I can cast it pretty damn far haha. Mag is all the way off. I was wondering if I would get more distance with 15. Thanks guys


----------



## Eltonjohn (Aug 1, 2018)

I'll just experiment. I lost a nice fish earlier this year because
I didn't take garbomans shockleader knot advice and I had a 3 turn surgeons knot. Broke me off at the knot. That was on a 15lb big game mainline on a spinner. Ive since learned the Bimini twist.


----------



## Eltonjohn (Aug 1, 2018)

I'm fishing as we speak getting eaten by gnats


----------



## fishhawkxxx (Nov 13, 2012)

Man, if it were me I'd try n find more spools, have a 20, 17, n.15lb spool, throwing w/ mags off n getting plenty of yards is real good, but don't push it! Try 17 lb test. Yes 15 lb test should get you more distance, but.i would start w/ mags fully engaged at.first


----------



## Eltonjohn (Aug 1, 2018)

fishhawkxxx said:


> Man, if it were me I'd try n find more spools, have a 20, 17, n.15lb spool, throwing w/ mags off n getting plenty of yards is real good, but don't push it! Try 17 lb test. Yes 15 lb test should get you more distance, but.i would start w/ mags fully engaged at.first


Appreciate the advice. I'm going to stick with the 20 for a little while longer. I definitely blew it up pretty good this afternoon. I knew I was pushing it. Thankfully I was able to pick it out because I didn't have any line with me.


----------



## DaBig2na (Aug 7, 2011)

One of the reasons you're blowing up is you are keeping the mags off, plus what kind of rod are you throwing..lure rating
what is at the end of your line that you are casting with i.e. sinker weight.
Your concept of distance and mine might be completely different.


----------



## Eltonjohn (Aug 1, 2018)

DaBig2na said:


> One of the reasons you're blowing up is you are keeping the mags off, plus what kind of rod are you throwing..lure rating
> what is at the end of your line that you are casting with i.e. sinker weight.
> Your concept of distance and mine might be completely different.

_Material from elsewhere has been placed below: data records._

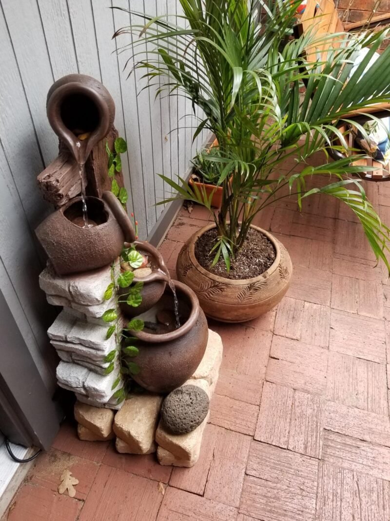 - Includes faux vine greenery, fountain water pump, and 9-foot cord. Plug-in fountain, easy to set-up and use.
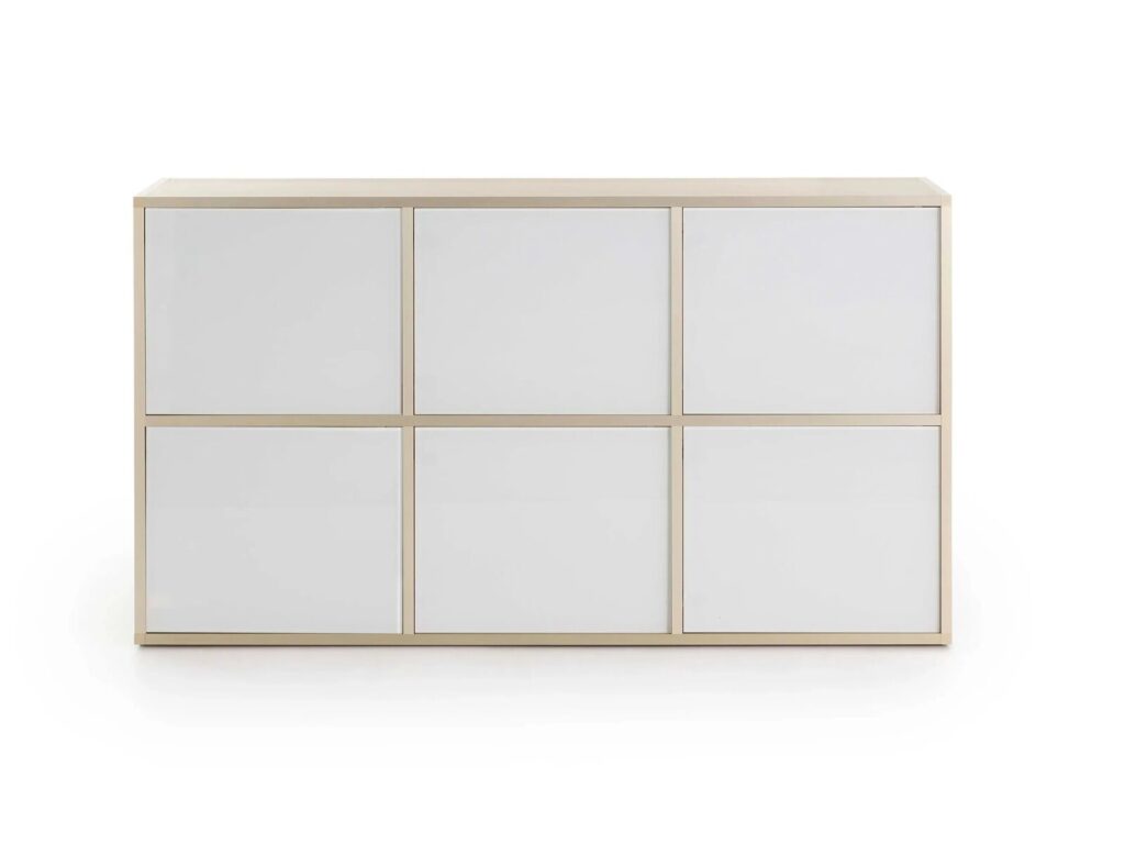 GBModular demonstriert 2023 die grossen Ausdrucksmöglichkeiten seines Konstruktionssystems und nimmt Stücke in seine Kollektion auf, die sich für die Gestaltung kompletter Umgebungen eignen: eine Liege, einen Sessel, ein Zweisitzer-Sofa, einen niedrigen Tisch, einen Spiegel, ein Bücherregal mit und ohne Türen und ein Sideboard. Die beiden letztgenannten Modelle, das Bücherregal und das Sideboard, können mit Türen aus Iroko-Holz und gehärtetem Glas ausgestattet werden.
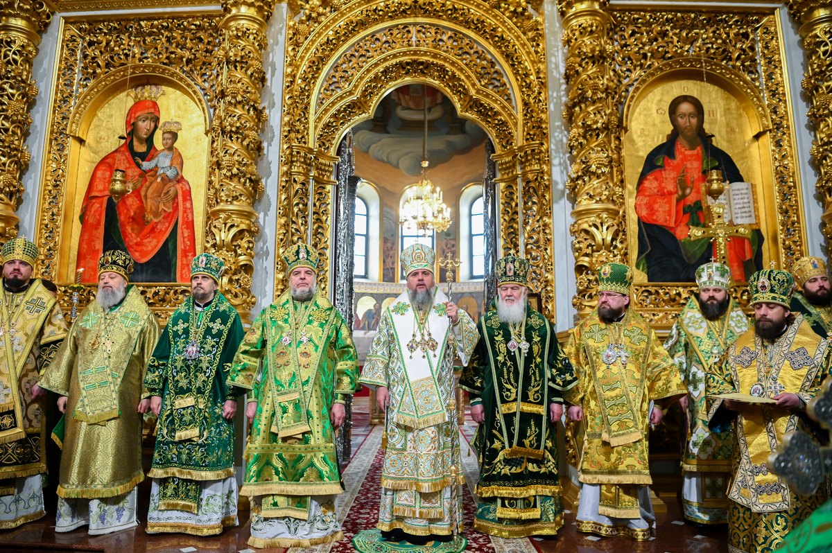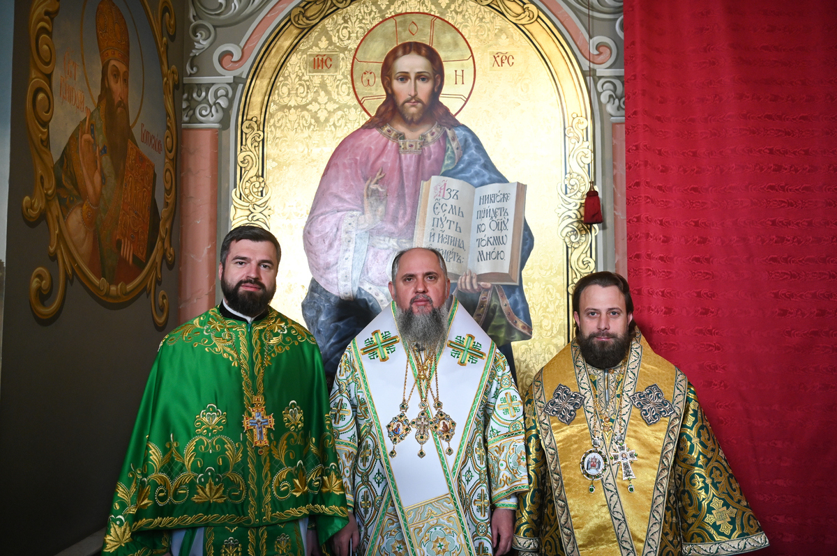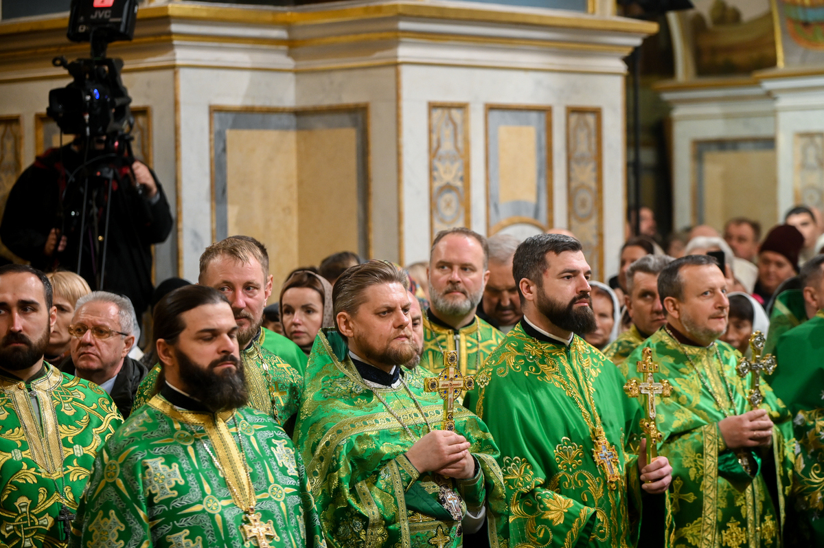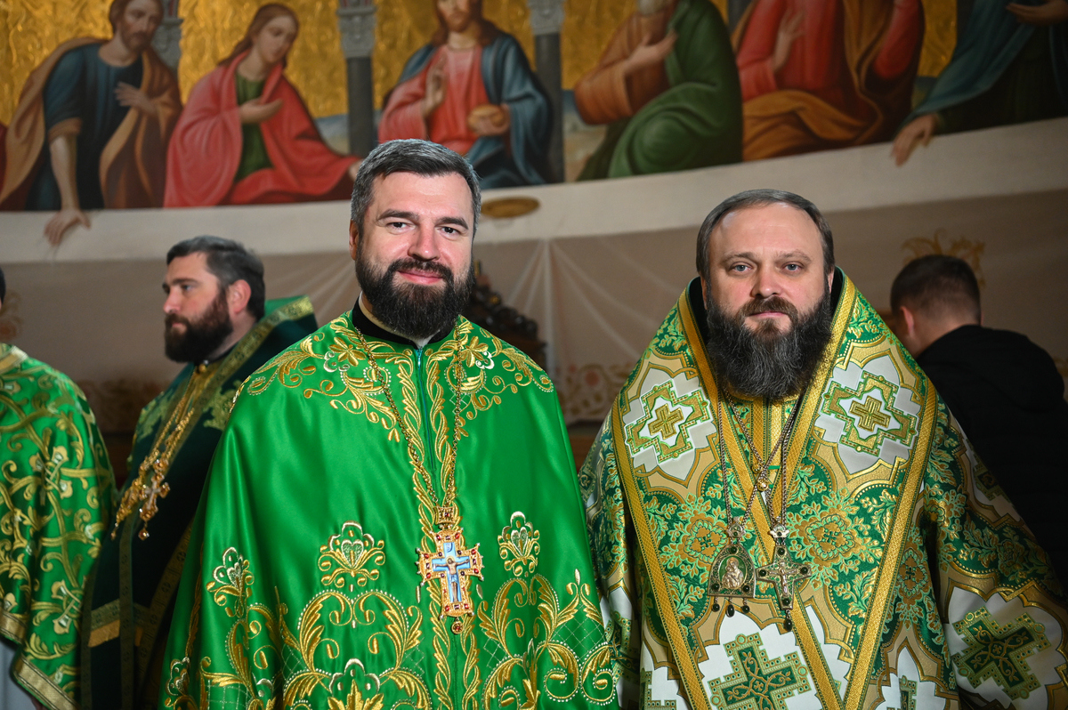 Предстоятелю автокефальної Української Православної Церкви співслужили митрополит Львівський Макарій, митрополит Вінницький і Барський Симеон, митрополит Львівський і Сокальський Димитрій, митрополит Тернопільський і Кременецький Нестор, архієпископ Луганський і Старобільський Лаврентій, архієпископ Хмельницький і Шепетівський Павло, єпископ Житомирський і Овруцький Паїсій, єпископ Васильківський Єфрем, єпископ Богуславський Арсеній, намісник обителі єпископ Бориспільський Авраамій, всечесна братія монастиря та запрошене духовенство, зокрема ректор Київської православної богословської академії професор протоієрей Олександр Трофимлюк.
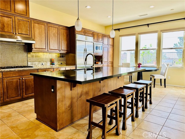 Discover an exceptional chance to own a luxurious single-story former MODEL home perched atop the hills of Porter Ranch! Move-in ready and meticulously maintained, this elegant residence showcases remarkable craftsmanship in the prestigious guard-gated Renaissance community. Welcome to 20318 Via Urbino — a designer home with a south-facing backyard offering privacy, beauty, and designer's touch throughout. 4 bed 3.5 bath, 3 car garage, built in 2009. Step through the inviting stone paved courtyard into a spacious open-concept floor plan featuring an airy living and dining area with a cozy fireplace. The bright family room and gourmet kitchen offer seamless flow, equipped with a Viking range, upgraded stainless steel refrigerator, double ovens, microwave, dishwasher, granite counter tops, and a versatile centra island. Neutral tone wall paint, custom tile and wood floors, recessed lighting throughout. The private backyard retreat includes a built-in BBQ, a covered patio, fruit trees, lush greenery, and ample space for gardening — all bathed in sunlight with no rear neighbors overlooking. Additional features include: Newly installed artificial turf in the front yard (low maintenance), 240V / NEMA 14-50 plug in garage, ready for EV charger installation, tankless water heater, automatic sprinkler system, three Google security cameras and smart front door lock, TV mount in family room (fits up to 85" TV, included in sale). Some furniture and wall art pieces are included. Residents enjoy exclusive access to two tennis courts, nearby parks with pickleball and basketball courts, playgrounds, and hiking trails. The award-winning Porter Ranch Community School (K-8) is within walking distance. The Vineyards at Porter Ranch and Walmart shopping centers are just minutes away, offering Whole Foods, fine dining, boutiques, and entertainment options. Prime location with easy access to 118, 210, 405, and 5 freeways.
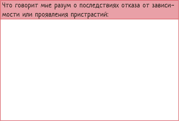 УПРАЖНЕНИЕМифы о пристрастияхНаш разум способен убедить нас в том, что может произойти много чего плохого, если мы отпустим зависимости или если проявятся пристрастия. Подумайте о том, что говорит вам ваш разум. Запишите некоторые из этих мыслей в блокнот или на бланке.
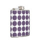 Niedliche und trendige Mini Polka Dots Flask. Dieses Design zeichnet sich durch kleine Kreispolka Punkte in lila und weiß aus. Text kann diesem Design hinzugefügt werden, um ihm eine persönliche Touch zu geben.
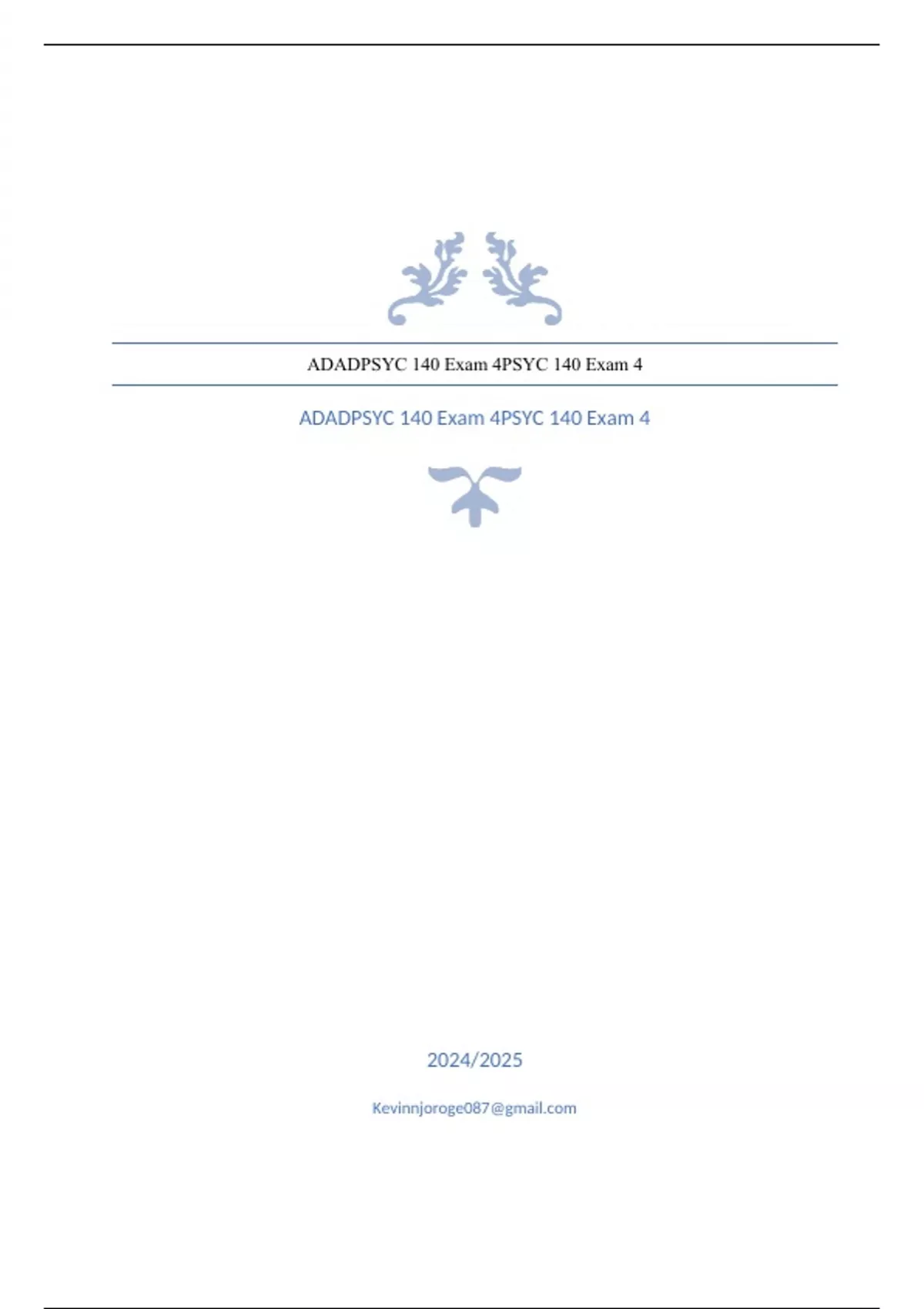 ADADPSYC 140 Exam 4PSYC 140 Exam 4 questions and answers verified 2024

I've got it on a cheapo Penn heaver rated 10oz. Throwing 8oz and half a finger mullet on a cannonball rig... I'm not having trouble with the reel blowing up I was just wondering about line diameter making a difference. ive fished with it at night a couple of times no prob. For distance Im getting about the same as my spinning heavers that have braid on them with much less effort. Thx


----------



## DaBig2na (Aug 7, 2011)

Eltonjohn said:


> I've got it on a cheapo Penn heaver rated 10oz. Throwing 8oz and half a finger mullet on a cannonball rig... I'm not having trouble with the reel blowing up I was just wondering about line diameter making a difference. ive fished with it at night a couple of times no prob. For distance Im getting about the same as my spinning heavers that have braid on them with much less effort. Thx


Elcheapo WHAT? Prevail, battalion if its the medium 12 ft drop back and cast 7 ounces.. Swell and wind isn't bad today..Should hld fine... usually 2-3 ounces off the max lure weight is the sweet spot. Well If you aren't blowing up then "let it rip tater chip"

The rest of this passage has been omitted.